Simple genetic models for autism spectrum disorder

Simple genetic models for autism spectrum disorder
Swagatam Mukhopadhyay , Michael Wigler , Dan Levy
doi: http://dx.doi.org/10.1101/017301

To explore the interplay between new mutation, transmission, and gender bias in genetic disease requires formal quantitative modeling. Autism spectrum disorders offer an ideal case: they are genetic in origin, complex, and show a gender bias. The high reproductive costs of autism ensure that most strongly associated genetic mutations are short-lived, and indeed the disease exhibits both transmitted and de novo components. There is a large body of both epidemiologic and genomic data that greatly constrain the genetic mechanisms that may contribute to the disorder. We develop a computational framework that assumes classes of additive variants, each member of a class having equal effect.
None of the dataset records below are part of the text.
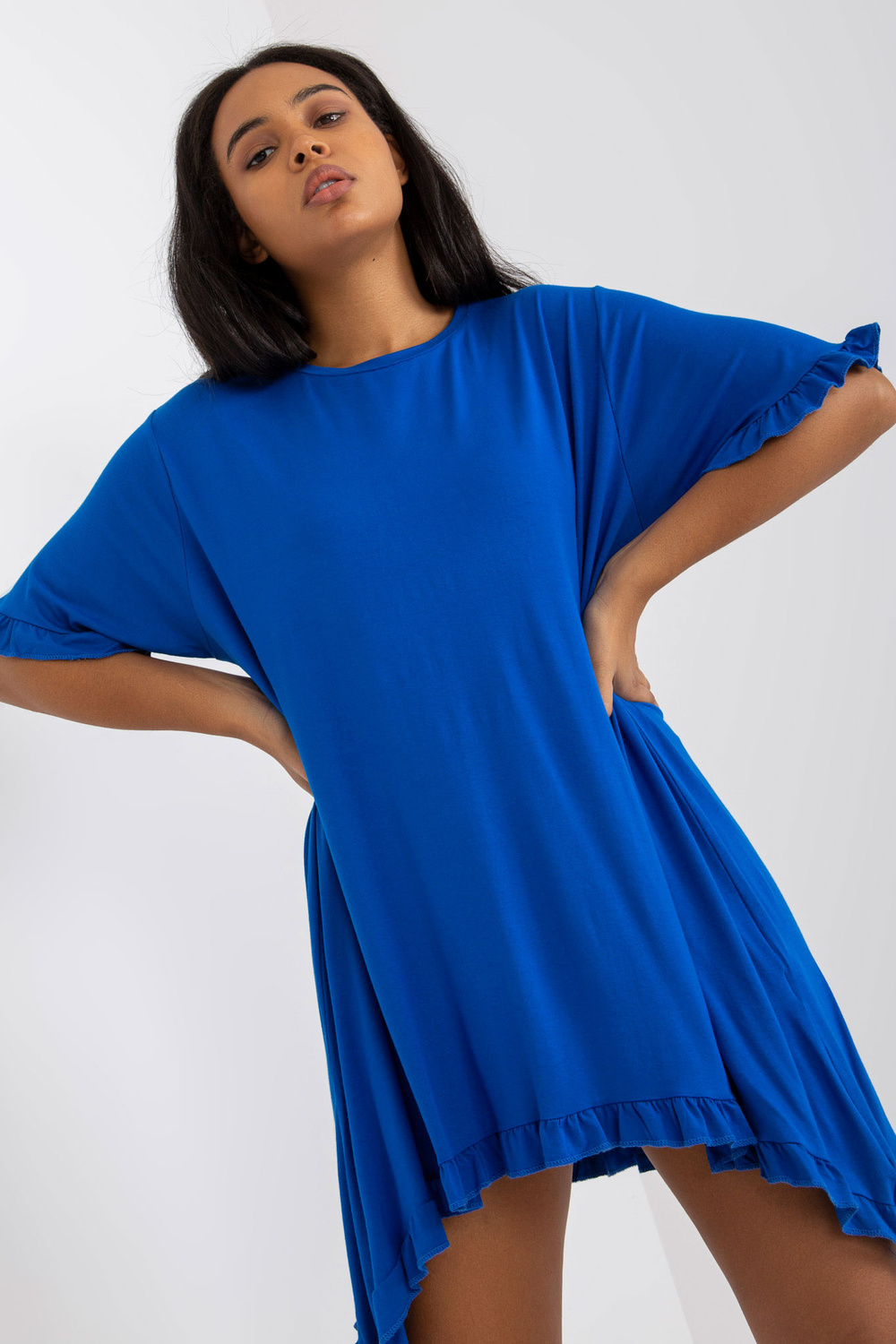Tamsiai mėlyna plius dydžio mini suknelė su viskoze
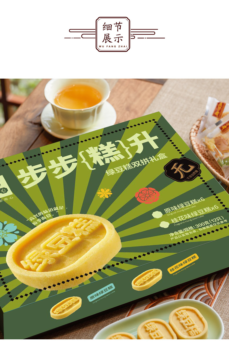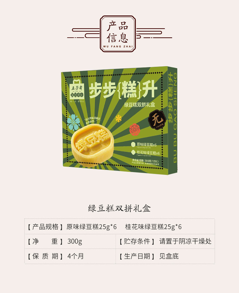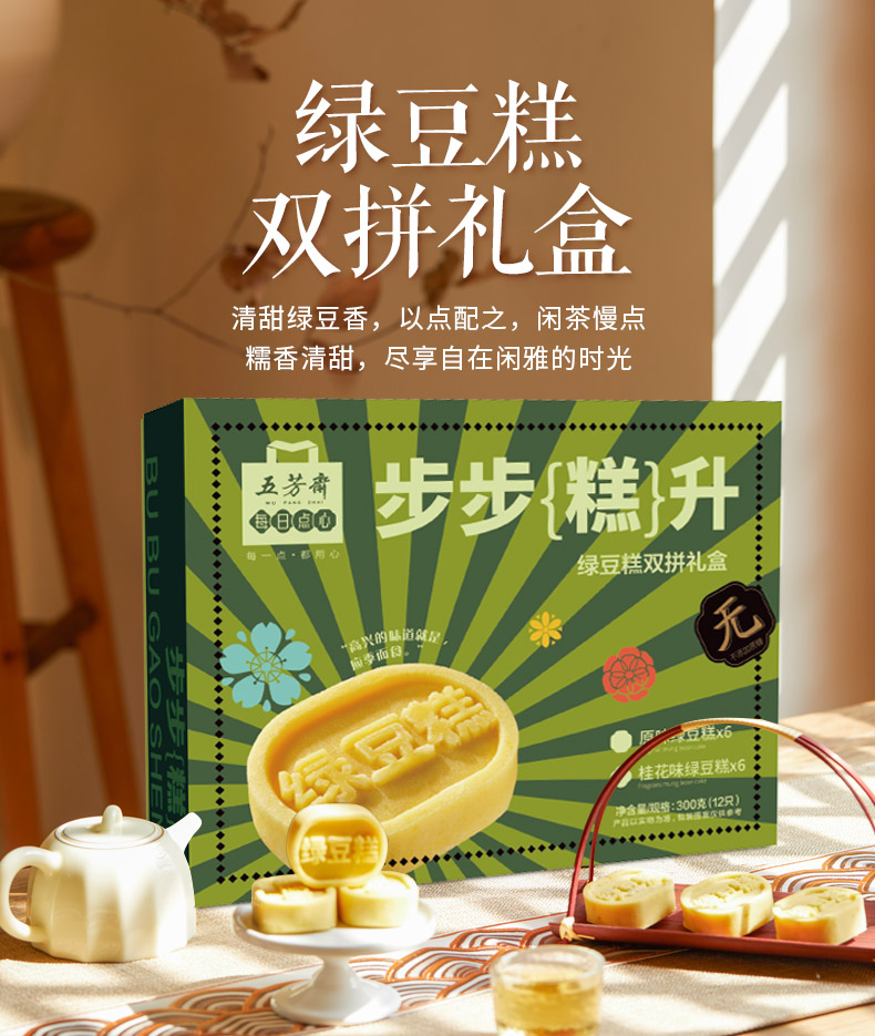 五芳斋 绿豆糕双拼礼盒 原味/桂花味 软糯香甜不腻口 中式糕点点心300克/盒
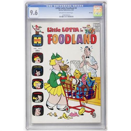<B>Little Lotta Foodland #4 File Copy (Harvey, 1964) CGC NM+ 9.6 Off-white to white pages.</B></I> Giant size issue. Only copy on the current CGC census. Overstreet 2007 NM- 9.2 value = $80. CGC census 1/08: 1 in 9.6, none higher.<BR><BR><b>Shipping:</b> Comics - Slabbed (certified) (<a target="_blank" href="http://www.heritageauctions.com/common/shipping.php">view shipping information</a>)
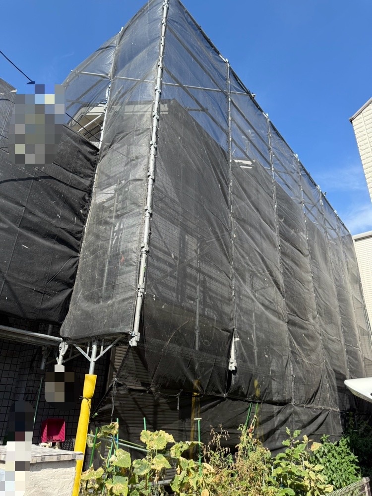 先日、東京都府中市にて、戸建 (約254㎡)足場架設工事を行いました。
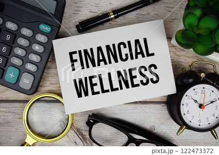 Financial wellness text with calculator, magnifying glass and alarm clock on wooden background
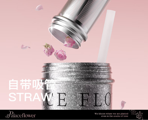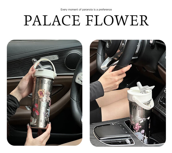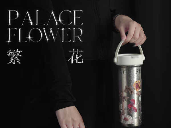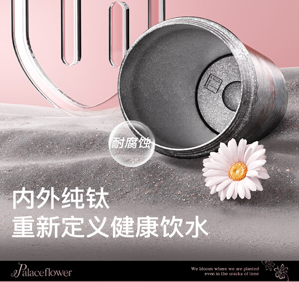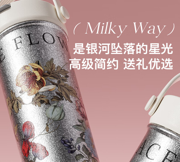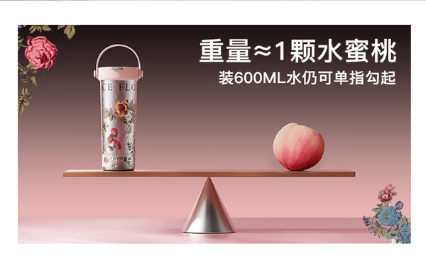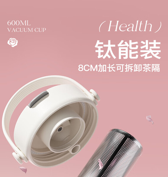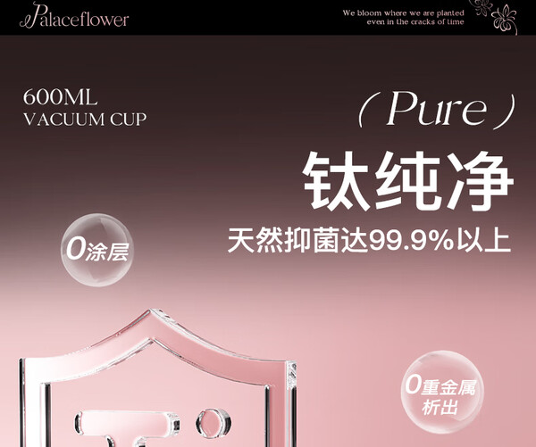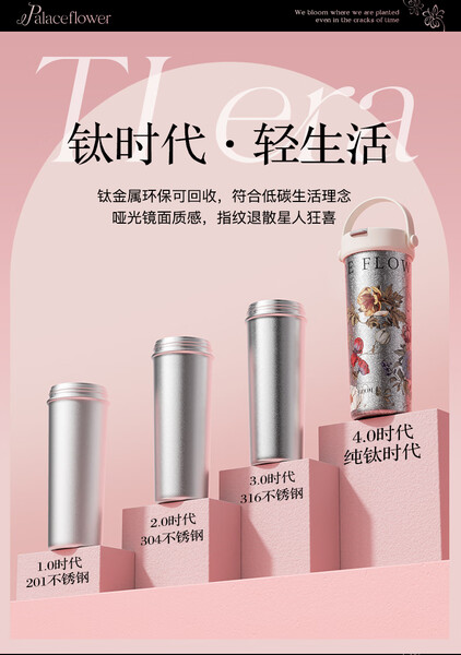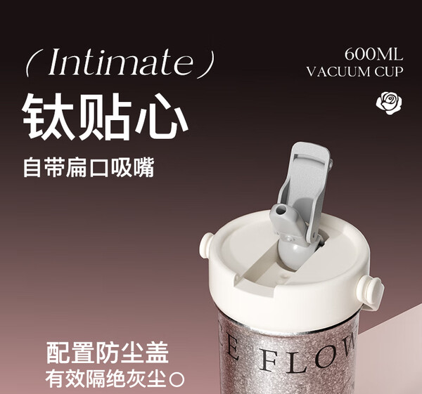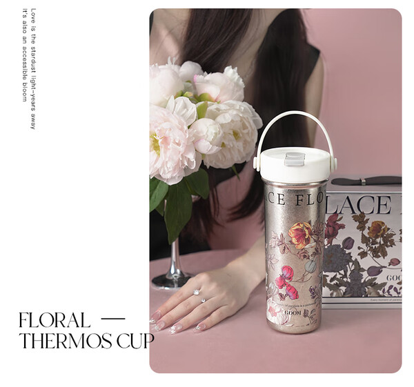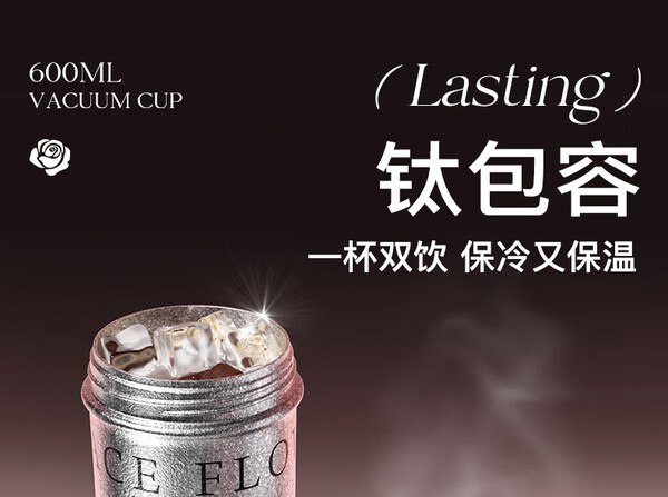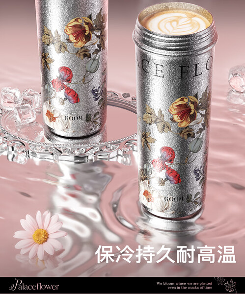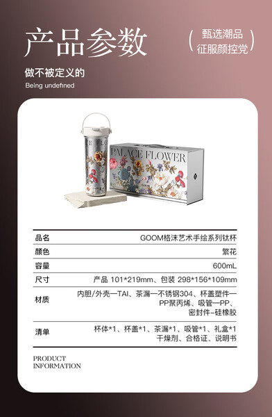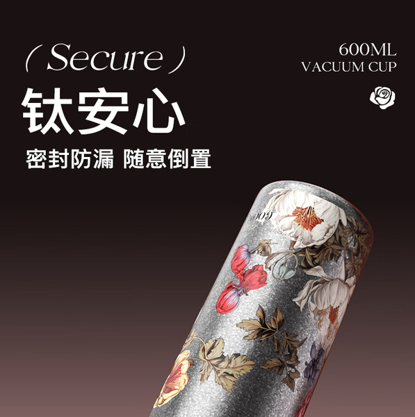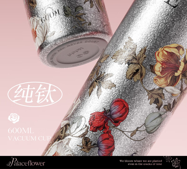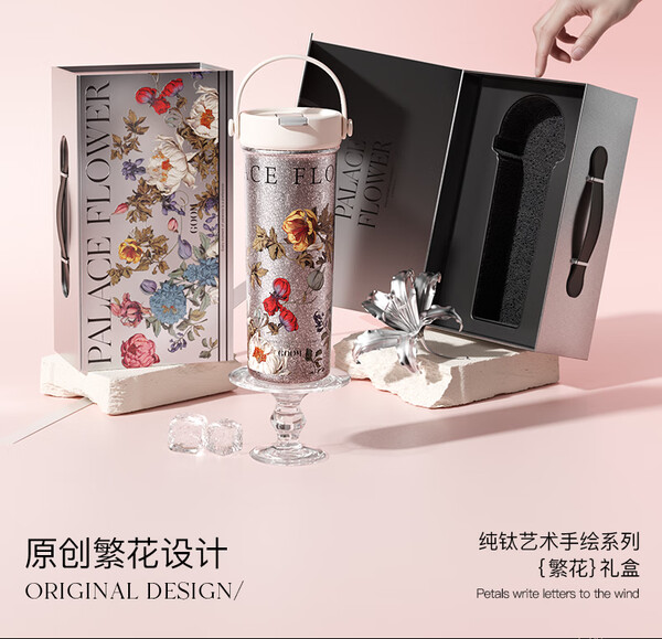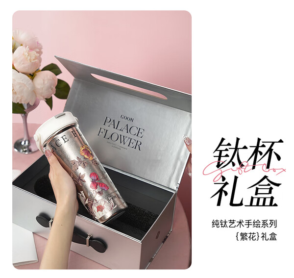 GOOM繁花纯钛保温杯2025新款女生高颜值大容量吸管水杯子母亲婆婆生日礼物 繁花钛杯-600ml【高档礼盒】
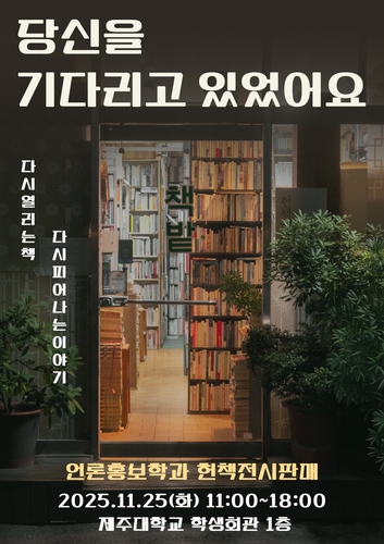 (제주=연합뉴스) 제주대학교 언론홍보학과는 출판문화론 강의의 하나로 오는 25일 오전 11시부터 오후 6시까지 학생회관 1층에서 17번째 헌책 전시·판매 행사 '당신을 기다리고 있어요'를 개최한다.
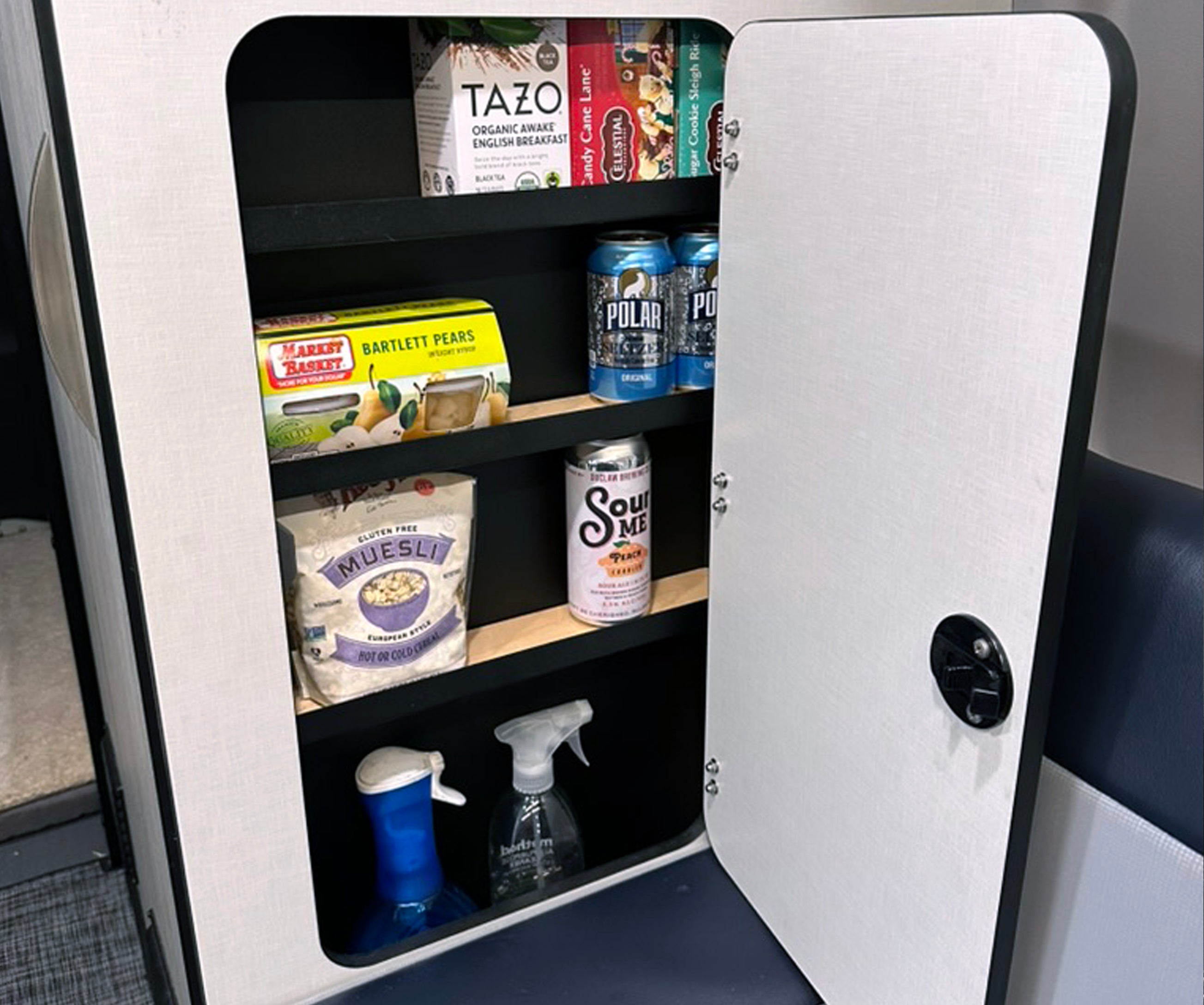 The RoamRig bench seat upgrade looks like it was installed at the factory — not added later. That's because every visible surface of our cabinetry uses the same laminate and trim as Winnebago.

We restrict our initial exploration to single class models, each having three parameters. Only one model matches epidemiological data. It also independently matches the incidence of de novo mutation in simplex families, the gender bias in unaffected siblings in simplex populations, and rates of mutation in target genes. This model makes strong and as yet not fully tested predictions, namely that females are the primary carriers in cases of genetic transmission, and that the incidence of de novo mutation in target genes for families at high risk for autism are not especially elevated. In its simplicity, this model does not account for MZ twin concordance or the distorted gender bias of high functioning children with ASD, and does not accommodate all the known mechanisms contributing to ASD. We point to the next steps in applying the same computational framework to explore more complex models.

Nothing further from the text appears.